The average household debt in the UK, is 6,800 excluding mortgages or 40,000 including them. The average personal debt for each UK adult is 4,426, excluding mortgages, an increase of 30 per cent in the last year.
But, despite the statistics, research published by the Institute for Fiscal Studies last month says the burden of debt is falling more heavily on lower income families who do not own their home or have access to credit cards. Nottingham University researchers Sarah Bridges and Richard Disney concluded that 'problems of debt arise from low incomes, rather than from "irresponsible lending" to home owners by high street institutions'.
Effect on childcare
The alarming rise in debt has implications for parents seeking affordable childcare and providers operating within narrow profit margins.
Daycare Trust director Stephen Burke says, 'Affordability of childcare is the number one issue for parents and the most commonly cited in calls to our helpline. A lot of childcare provision is beyond their means and until that issue is addressed through reform of the childcare tax credit system, there will continue to be a knock-on effect on the sustainability of some childcare providers.'
National Day Nurseries Association chief executive Rosemary Murphy agrees. 'We urge the Government to build on the initial success of tax credits by raising their value to low- income families, particularly where more than one child is in childcare.'
The Government's spate of childcare initiatives has been accompanied by the new right for employees with young children to request flexible working arrangements. But for many this will not be an economic option. A survey of 100 parents by the Maternity Alliance found that while 68 per cent of working parents had been granted their request by employers, 27 per cent had been forced to accept a pay cut, a demotion or heavier workload to secure flexible hours.
Alan Bentley, director of the Childcare Corporation, says that 'bad debt has always been something of a problem in the nursery sector'. The chain, which has operated a standing order system to reduce the possibility of bad debt, will be switching over to direct debit this month so nurseries can take varying amounts from an account each month if payments change.
Mr Bentley says, 'The accounts department will receive instant failure notices if the direct debit fails, which can be communicated to the nursery manager. If a payment fails for the second month, a bad-debt procedure is put in place.'
The manager will discuss with the parent why payments are failing. Often it is due to short-term financial problems such as illness, unexpected family expenses or redundancy. He says, 'Every assistance is given to try to co-ordinate a temporary payment plan to cope with the problem. In 95 per cent of cases the issue is then resolved.
'Such issues are always sensitive and require the utmost care in their handling.

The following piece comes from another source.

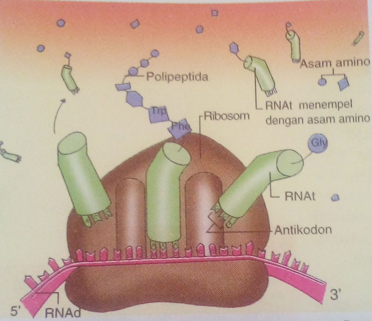 dalam gen diterjemahkan menjadi urutan asam amino selama

The quality of our managers, and their ongoing training, makes all the difference in providing a satisfactory resolution for both parties.'
Michael Fallon, managing director of the Just Learning nursery chain, says that bad debts 'may have become worse in recent years'. His chain has a tough line on debt and does not hesitate to take those who do not pay to the small claims court. He says, 'If you are known as a soft touch, it's fatal. We know that some debts come about because of unfortunate circumstances and our managers are trained to be understanding. But it's vital that debts are not allowed to escalate.'
The prospect of interest rates rising in the coming weeks will have implications for childcare providers. Those with mortgages will have to brace themselves for higher repayment levels, while an interest rate rise to curb consumer spending will mean people paying more to service their existing debts and having less disposable income to spend on things like childcare.